Петро дважды перечитал этот рассказ о людях большого мужества, не в силах высвободиться от охватившего его беспокойства. С начала до конца все в рассказе было знакомо, точно он сам его писал.
«Просто непостижимо, откуда Иванишин мог узнать о моих раздумьях и сокровенных переживаниях? Да, конечно, в меру своих сил, я его рассказы отредактировал, но этого среди них не было… Помню, отлично помню, ничего из моих этюдов к роману «Светя другим — сгораю», я Иванишину не читал. И вообще, кроме Евгения Николаевича, тетради никто не читал… Так, поделом тебе, черепаха! — вдруг взроптал на себя Петро. — Давно надо было напечатать все восемь этюдов. Каждый из них сюжетно завершен.
Когда Петро вернулся, при встрече с ним, как обычно, Иванишин почтительно раскланялся как ни в чем не бывало.

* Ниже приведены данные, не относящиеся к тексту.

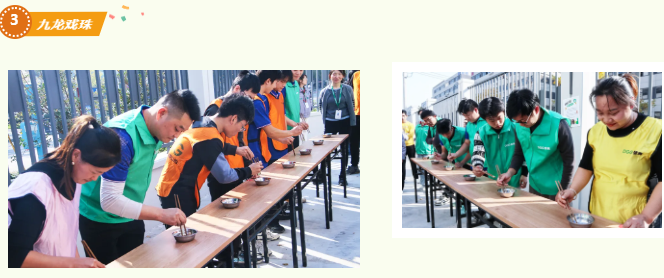 “九龙戏珠”环节中,队员们眼疾手快,或精准夹取,或巧妙拨弹,争分夺秒地将珠子“运”到碗中,现场加油声此起彼伏。

Еще через неделю Петро зашел в библиотеку Союза писателей вернуть книги, взять свежие журналы. Он уже попрощался с молоденькой библиотекаршей, собирался уйти, когда к нему обратился худощавый, убеленный сединами критик, показывая глазами на раскрытый журнал.
— Читали?
— Что это?
— Новый рассказ Алексея Иванишина.
— Хорошо написал?
— Превосходно. Да, Иванишин — это не луна, которая светит отраженным светом. Это светило самостоятельное! Советую прочитать.

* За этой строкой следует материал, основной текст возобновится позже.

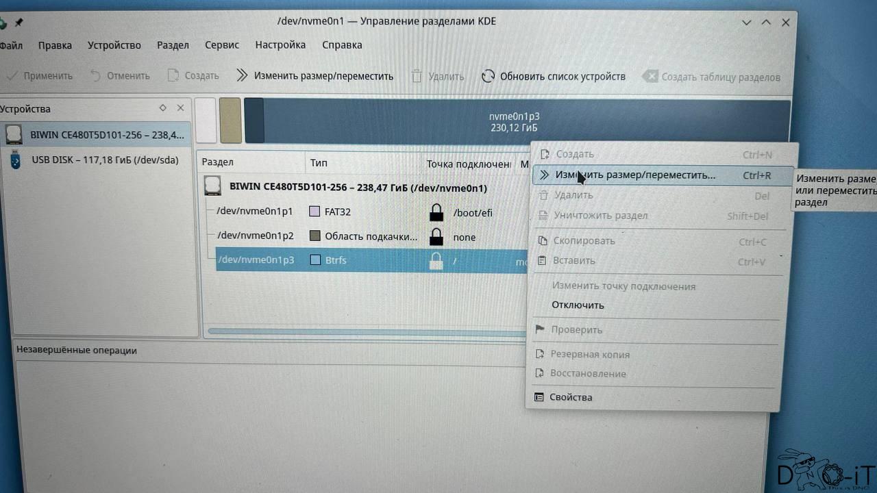- Выделяем раздел с mos os, нажимаем правой кнопкой и выбираем «Изменить размер / переместить».

— Благодарю, — и Петро взял в руки журнал. С первого же абзаца насторожился…
«Так это же… это…» — так громко стучало сердце Петра, что он был вынужден выйти в зал, чтобы остаться одному.
Герои рассказа привлекал к себе ясным, отточенным умом, мягким и вместе с тем сильным характером. Прост, искренен, прямодушен. И внешнее портретное сходство с Александром Кремневым поразительное.

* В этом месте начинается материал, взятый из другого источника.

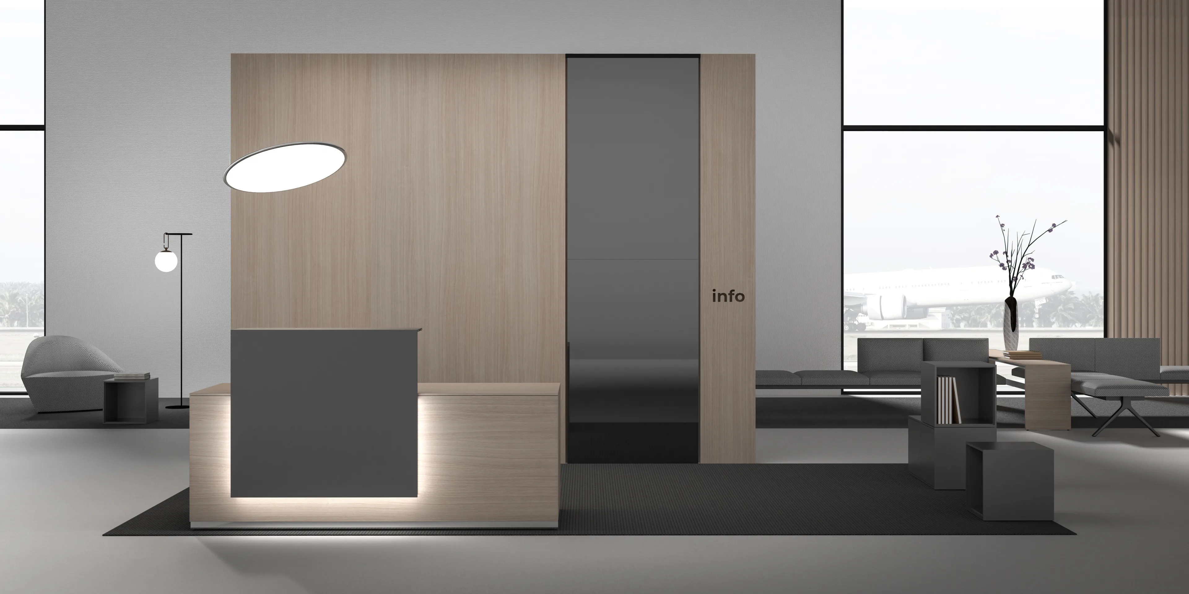 The LUX 3 is designed for professional environments, offering a versatile solution for meeting and waiting rooms. It features a lectern module and a uniquely shaped top, making it an ideal choice for modern meeting room tables. Beneath the front module riser, a multi-functional tray is equipped with on and off switches, an adjustable light intensity button, and electrifying equipment, ensuring seamless functionality. This piece complements comfortable meeting room chairs and modern waiting room seating, enhancing the overall aesthetic of reception area furniture. Its durable construction makes it suitable for high-traffic areas in offices, clinics, government buildings, corporate offices, and coworking spaces, providing a reliable and stylish option for durable meeting room desks.

Петро с все возрастающим волнением и тревогой дочитал и вернул журнал. К счастью, критик уже ушел, а то бы он непременно захотел узнать мнение Ковальчука. Петру же сейчас было не до похвал автору этого рассказа. Все, что Петро так кропотливо, трудно открывал в своеобразном, казалось неповторимом, характере Александра Кремнева, открывал самое глубокое, самое личное, — Иванишин всем этим наделил своего героя. И не будь в этом рассказе чуть измененного сюжета, Петро дал бы голову на отсечение, что Иванишин все списал у него.
Дома Петро бросился на диван с дымящей трубкой в зубах, жадно перечитывая страницы своей будущей книги.
«Вот здесь буквально слово в слово, как у Иванишина… — еще больше помрачнел он. — Если оставить это в романе, меня обвинят в плагиате…»
Он еще листал страницы тетради, когда вошел Кремнев.
— Почему ты не обедал? — с упреком спросил Евгений Николаевич. — Любаша заждалась, она ведь сегодня ответственная за все в доме.
Петро питал горячую привязанность к Кремневу. Чем старше он становился, тем сильнее укреплялось это чувство. Всегда так оберегая Кремнева от волнения, сейчас, захваченный врасплох, взбудораженный, охваченный возмущением, Петро не смог ничего утаить.
Одним из драгоценных качеств Кремнева было еще и терпение. Он молча выслушал все, что хотел сказать молодой человек.
— Ты ведь не считаешь свою работу завершенной? Ты все время в поисках? Так почему же не допускаешь, что творческие поиски Иванишина невольно привели его к тому же, что ранее ты уже написал? — спокойно спросил он Петра. — Ваши произведения вырастают из жизни, а люди чем-то родственны. Хуже другое. Есть такие литераторы, помнишь, как о них сказал Алексей Толстой, которые «предпочитают писать без дерзости, без риска, серо, нивелированно, скучновато и главное — около жизни, не суя носа в этот кипяток, в жизнь». Вот и хорошо, что Иванишин один из тех, кто не держит нос по ветру. А то, что мысли ваши совпали…
— Совпадение может случиться однажды, — взметнулся Петро. — Но я и в прошлом рассказе Иванишина узнал свое.
— И ты ему это сказал?
— Нет.
— Странно. Ты всегда говорил прямо и смело то, о чем думал. Что же теперь с тобой приключилось?
Помолчав с минуту, Петро проговорил:
— Понимаю, наивным было бы уверять, что Иванишин не волен выбирать себе тему… Но почему такое поразительное совпадение?
— Не говорит ли в тебе мнительность? — осторожно заметил Кремнев.
— Да нет же, нет! Я не мнительный. Вы это знаете, Евгений Николаевич, — в порыве нового волнения, с оттенком обиды возразил Петро. — Но мне теперь придется отказаться от многого, что я уже написал, — тяжело выдохнул Петро.